Statistical Inference, Michael Oakes; and “Likelihood inference”

You may be familiar with the long-running divide between Classical or Frequentist (a.k.a. Neyman-Pearson) and Bayesian statisticians. (If not, here’s a simplistic overview.) The schism is being smoothed over, and many statisticians I know are pragmatists who feel free to use either approach depending on the problem at hand.

However, when I read Gerard van Belle’s Statistical Rules of Thumb, I was surprised by his brief mention of three distinct schools of inference: Neyman-Pearson, Bayesian, and Likelihood. I hadn’t heard of the third, so I followed van Belle’s reference to Michael Oakes’ book Statistical Inference: A Commentary for the Social and Behavioural Sciences.

Why should you care what school of inference you use? Well, it’s a framework that guides how you think about science: this includes the methods you choose to use and, crucially, how you interpret your results. Many Frequentist methods have a Bayesian analogue that will give the same numerical result on any given dataset, but the implications you can draw are quite different. Frequentism is the version taught traditionally in Stat101, but if you show someone the results of your data analysis, most people’s interpretation will be closer to the Bayesian interpretation than the Frequentist. So I was curious how “Likelihood inference” compares to these other two.

Below I summarize what I learned from Oakes about Likelihood inference. I close with some good points from the rest of Oakes’ book, which is largely about the misuse of null hypothesis significance testing (NHST) and a suggestion to publish effect size estimates instead.

What’s “Likelihood inference”? Is it still in use?

Unfortunately Oakes spends only three pages on Likelihood inference so I am still fuzzy on the details. Apparently:

• Like other Frequentists, Likelihoodists are uncomfortable with pure Bayesians’ use of subjective priors and their focus on internal coherence rather than empirical calibration to reality.
• On the other hand, like Bayesians, Likelihoodists see pure Neyman-Pearson inference as logically consistent but irrelevant: a scientist wants to talk about the plausibility of a scientific hypothesis, not about long-run error rates of decisions regarding repeated samples under similar conditions: “classical statistics evades the problem that is at the heart of scientific discovery [...] The Neyman-Pearson emphasis upon decision rules with stated error rates … seems much less relevant to the assessment of scientific hypotheses” (p. 124-125).
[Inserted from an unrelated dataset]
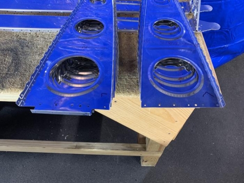 Completed rear spar assembly riveting spar doubler and inboard flaperon hinge. Continued rib modifications per KAI. The number of ribs appears to have grown overnight.

Furthermore, Neyman-Pearson’s use of tail areas leads to violation of the likelihood principle.
(However, Oakes cites Cornfield 1966 who showed that if Neyman and Pearson had minimized a linear function of type 1 and type 2 errors, $\lambda\alpha+\beta$, instead of minimizing $\beta$ for a constant $\alpha$, the likelihood principle would have been satisfied.)

Instead, Likelihood inference restricts itself to relative support for hypotheses, by way of the likelihood ratio. For instance if the likelihood of $\theta_1$ given the data, $L(\theta=\theta_1|data)$, is 25 times higher than $L(\theta=\theta_2|data)$, then all you can say is that $\theta_1$ is 25 times more plausible than $\theta_2$. You simply do not talk about significance, hypothesis tests, decisions, etc. And unlike a Bayesian who may feel comfortable talking about $Prob(\theta=\theta_1|data)$, you do not give absolute support for hypotheses.
The log of the likelihood is called the “support function”; and differences between supports for $\theta_1$ and $\theta_2$ are said to be measured in “support units.”
Use the maximum likelihood estimate as your point estimate. To get an interval estimate for $\theta$ (i.e. the approximate equivalent of a 95% confidence or credible interval), take $\log(L(\theta=MLE|data))$, add plus or minus 2 support units, and convert back to the $\theta$ scale. One benefit of this approach is that if you take a transformation of $\theta$, you can also transform the interval estimate directly, which does not work for Neyman-Pearson confidence intervals.

My first thought is that the “plus or minus 2 support units” seems quite ad hoc, though perhaps Edwards or others justify it in more detail than Oakes. [Edit: Apparently is it incorrect; see Mike's comment below.] Furthermore, restricting yourself to relative support seems like a safe stand to take, but it may be too limiting. Oakes quotes A.W.F. Edwards’ Likelihood: “Though it may seem a little uncharitable to such important branches of statistics, I have little to say about Least Squares, Experimental Design, and the Analysis of Variance.”

Perhaps later authors found more to say, but Oakes’ 1986 book only has references that were already over 10 years old then. Edwards (1972 edition) is the main reference there, but Oakes also quotes some of its main proponents showing disillusionment already by 1975 (Hacking: “Birnbaum has given it up and I have become pretty dubious”). I also can’t find many examples of Likelihood inference in use nowadays: Google Scholar shows 1600-ish citations for Edwards’ book, but on the first few pages of results I saw neither applications nor further theoretical developments of this line of thought.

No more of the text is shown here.